Exploring ChatGPT's Potential in Java API Method Recommendation: An Empirical Study

IF 1.7 4区计算机科学 Q3 COMPUTER SCIENCE, SOFTWARE ENGINEERING

Journal of Software-Evolution and Process

Pub Date : 2025-01-28 DOI: 10.1002/smr.2765

Ye Wang, Weihao Xue, Qiao Huang, Bo Jiang, Hua Zhang

As software development grows increasingly complex, application programming interface (API) plays a significant role in enhancing development efficiency and code quality. However, the explosive growth in the number of APIs makes it impossible for developers to become familiar with all of them. In actual development scenarios, developers may spend a significant amount of time searching for suitable APIs, which could severely impact the development process. Recently, the OpenAI's large language model (LLM) based application—ChatGPT has shown exceptional performance across various software development tasks, responding swiftly to instructions and generating high-quality textual responses, suggesting its potential in API recommendation tasks. Thus, this paper presents an empirical study to investigate the performance of ChatGPT in query-based API recommendation tasks.
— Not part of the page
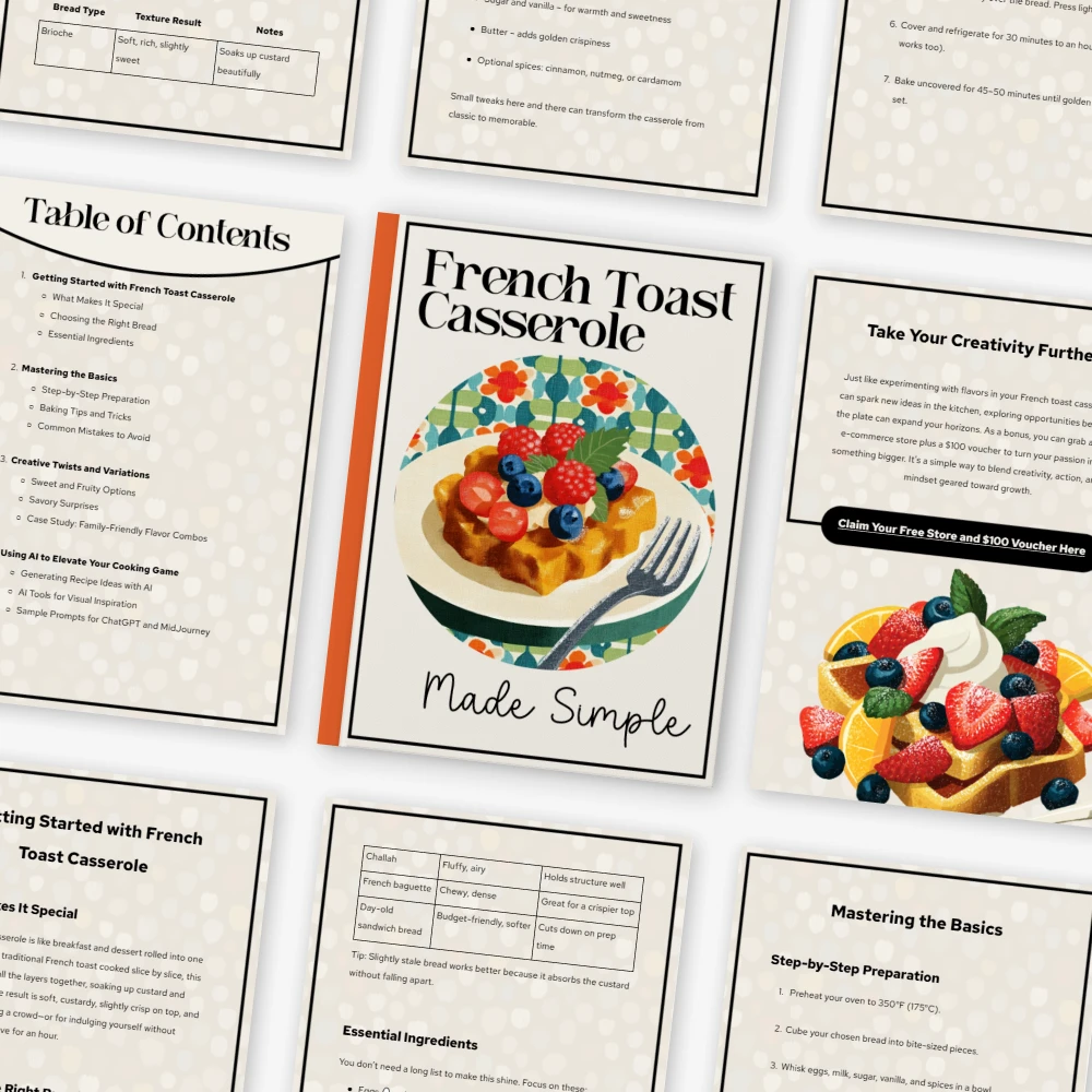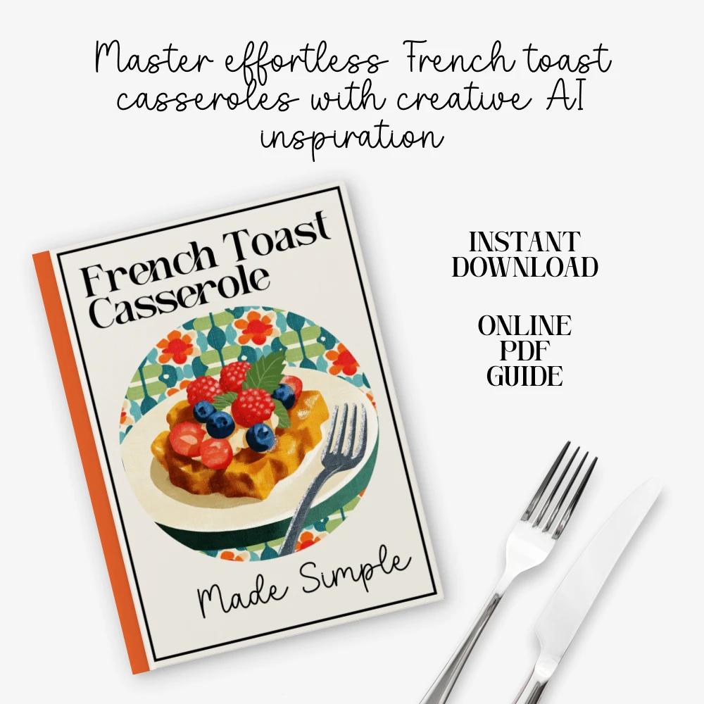 This digital download includes a complete french toast casserole recipe system, from beginner basics to creative variations. You’ll find clear explanations, ingredient guidance, prep timelines, and baking techniques, along with modern AI tools to help you generate personalized recipe ideas and visual inspiration.

Specifically, we utilized the existing benchmark APIBENCH-Q and the newly constructed dataset as evaluation datasets, selecting the state-of-the-art models BIKER and MULAREC for comparison with ChatGPT. Our research findings demonstrate that ChatGPT outperforms existing approaches in terms of success rate, mean reciprocal rank (MRR), and mean average precision (MAP). Through a manual examination of samples in which ChatGPT exceeds baseline performance and those where it provides incorrect answers, we further substantiate ChatGPT's advantages over the baselines and identify several issues contributing to its suboptimal performance. To address these issues and enhance ChatGPT's recommendation capabilities, we employed two strategies: (1) utilizing a more advanced LLM (GPT-4) and (2) exploring a new approach—MACAR, which is based on the Chain of Thought methodology. The results indicate that both strategies are effective.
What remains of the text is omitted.